2015 tax levy, budget approved in Oakdale

Rebounding home values cause tax increase

County’s levy up nearly 3.5 percent

Most homeowners in Oakdale and across Washington County will receive a higher tax bill in the mail soon thanks to climbing property values. 

The county’s $90.7 million levy for 2015 will have a typical homeowner paying about $43 more in the county’s portion of property taxes next year. That amount is based on a countywide median home value of $232,600. 

The county board will use the 3.45 percent levy increase to help fund increased operating expenditures caused by the hiring of new employees to bring staff numbers up to pre-recession levels. County employees will also get raises for the first time in four years, and the county is making technology upgrades.

Oakdale approves small levy increase

The Oakdale City Council approved its property-tax levy and budget at its Dec. 9 council meeting.

This year’s nearly $11.8 million budget represents a 1.31 percent increase of $152,955 over 2014.

The $10,270,522 tax levy is a 1.8 percent, or $181,817 increase over 2014.

“The city council worked really hard to find places to cut to keep it under the level of inflation,” finance director Suzanne Warren said during her presentation at the council meeting.

Warren provided an example of what a typical Oakdale homeowner would pay in property taxes next year.  The owner of a single-family home valued at $192,700 (slightly below the city’s average) could expect to pay $2,177.19 in property taxes next year. The city would collect 31 percent or $675.68 of that amount. Property taxes account for 68 percent of the city’s total revenue.
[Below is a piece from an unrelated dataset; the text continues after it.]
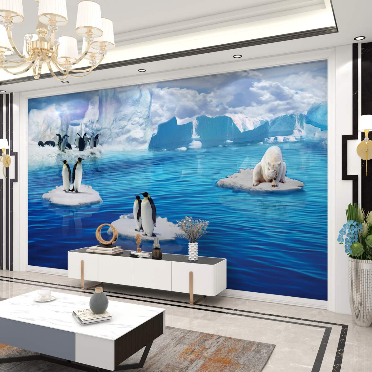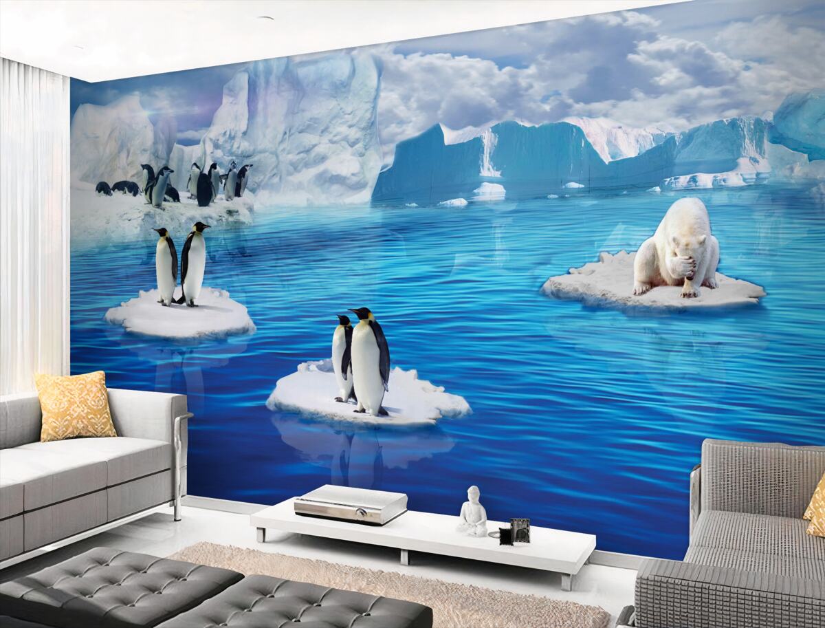 Tapeta Fototapeta rodzina pingwinów na kawałkach lodu (artykuł a95908 ) z kategorii Fototapety Popularne

She said the city cut $550,000 from its initial debt levy to help keep the overall tax levy down.

Warren said the slight levy increase is due, in large part, to the hiring of two full-time firefighters/EMT’s.

“I think you will find -- if you look across the country -- many [communities] have a similar problem,” she explained. “It’s tough with busy schedules and the amount of training involved to get volunteers.”
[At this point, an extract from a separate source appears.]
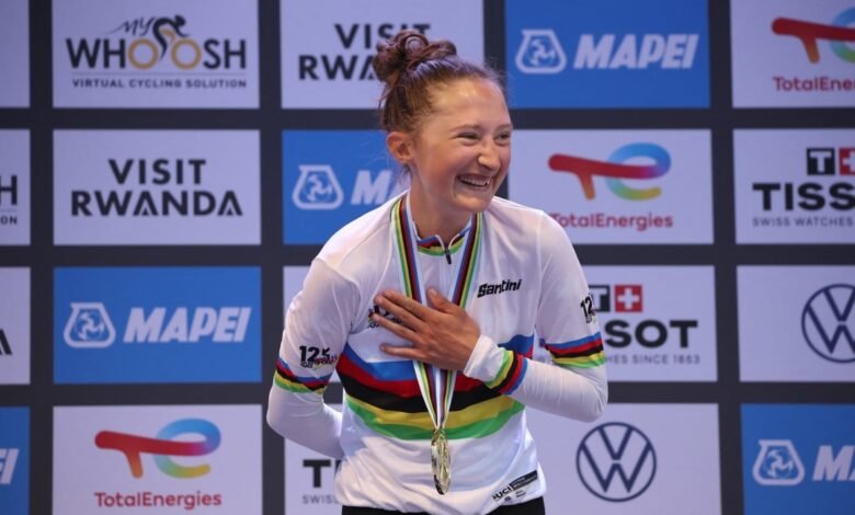 Canadian Magdeleine Vallieres won the women’s elite road race at the 2025 UCI Road World Championships on Saturday in Kigali, Rwanda.

Warren said the fire department strives for a four-minute response time after an emergency call and at times struggles to meet that goal with limited staff.

Home values rebounding after recession

Warren said the amount owed in city taxes next year will vary significantly from one homeowner to another.  But, generally speaking, the more a property’s value goes up the more taxes are owed. Home values shot up across the county this year as the pace of recovery following the great recession sped up. Also, she said, as a home’s value increases, the homestead exemption credit goes down-increasing the tax bill. Warren said declining commercial property values in Oakdale this year also had an impact on homeowners by shifting more of the tax burden on them.

Oakdale’s 2015 median taxable market value for a single-family home is $198,300, which is a 14.3 percent, or a $24,900 increase over 2014. In comparison, Washington County’s median value for 2015 is $236,600  -- a 15.5 percent, or $31,700 increase over 2014.

Home prices countywide peaked in 2008. The median value in Oakdale that year was $225,500, while the county’s median reached $255,000.

Median home prices fell for the next five years, bottoming out in 2013 at $195,000 countywide and $159,200 in Oakdale.  Most homeowners in Washington County have seen modest gains in home value for the past two years.